Even though the trial was open to the public, its verdict may not be made public immediately. The decision “will be sent to the police commissioner, James P. O’Neill, who has the authority to uphold, modify or even vacate the ruling,” the Times reported earlier this month.
Jail time for Pantaleo was ruled out after a Staten Island grand jury declined to recommend criminal charges against him, leaving his future in limbo ad he continued to ork for the NYPD and even got at least one significant pay raise.
Pantaleo’s trial came about a month after the NYPD implausibly determined that Garner was not killed by a chokehold. That questionable decision could provide a hint at what to expect from Pantaleo’s trial.
Garner’s mother blasted what she called the NYPD’s “tricks” and “lies” during the trial’s first day on May 13.
“The day after Mother’s Day, to have to watch the video that the world saw of my son being killed, to be at this trial after five years, and to see all of the tricks that Pantaleo’s lawyers are trying to pull to avoid accountability, it’s really hard,” Gwen Carr said at the time.
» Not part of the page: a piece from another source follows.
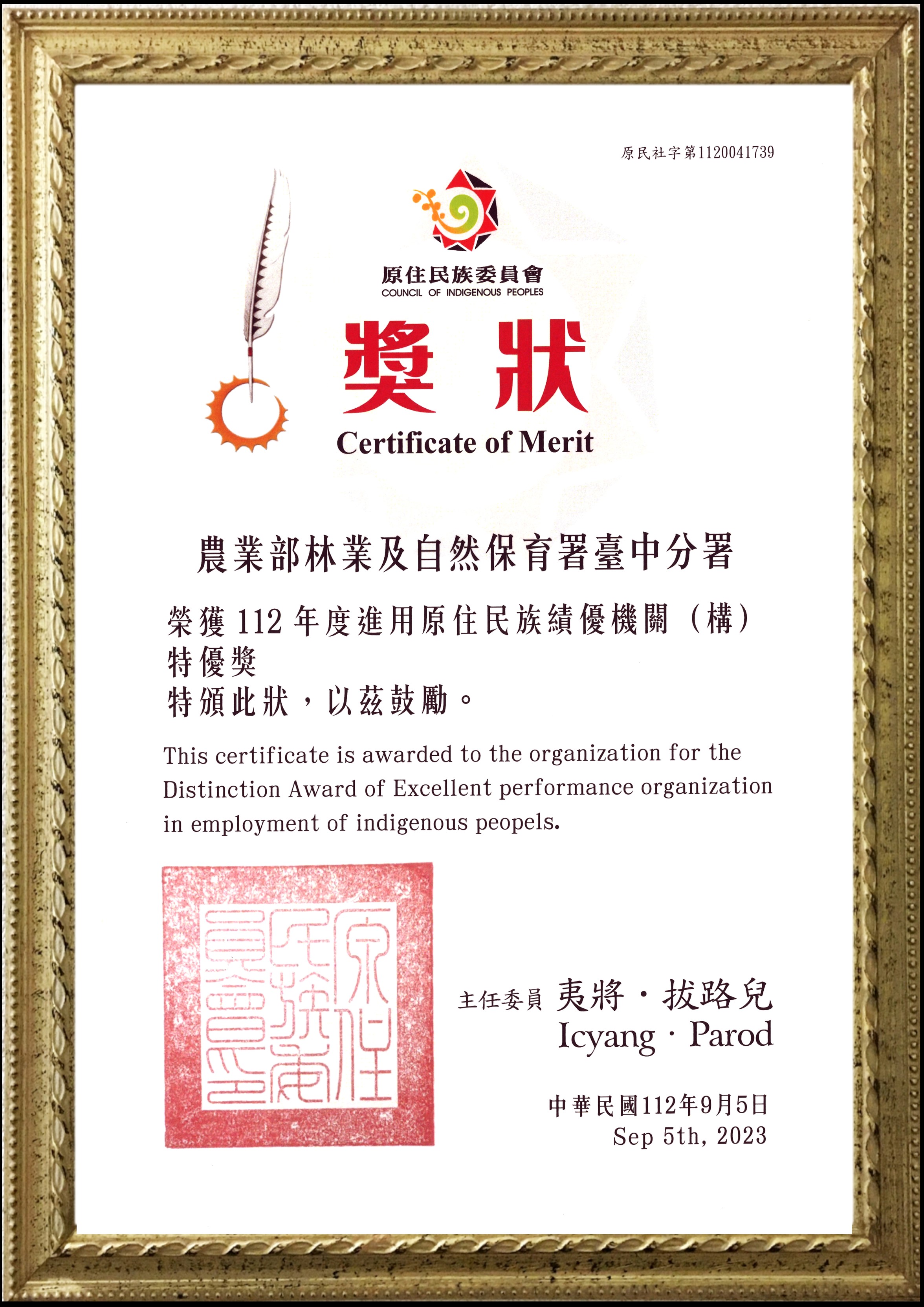 原住民族對於山林有其深刻的情感及生活經驗,本分署力倡原住民族投入山林巡護行列,除可保障原住民族之工作權,更能讓原住民族發揮所長,共創雙贏局面。本分署屬非原住民地區,該獎項獲獎標準為進用約僱等五類原住民比率達5%以上,111年底進用比率高達近27%,對於原住民族工作權之保障績效卓越。

Garner was approached by undercover NYPD officers on July 17, 2014, for the alleged offense of selling untaxed loose cigarettes. When officers failed at handcuffing him for the nonviolent misdemeanor, Pantaleo was caught on video with his arms wrapped tightly around Garner’s neck from behind. The chokehold ultimately killed Garner. The entire deadly episode was captured on cellphone video and filmed by a bystander. Garner’s final words “I can’t breathe” — became a rallying call for social justice advocates who saw his death as a murder.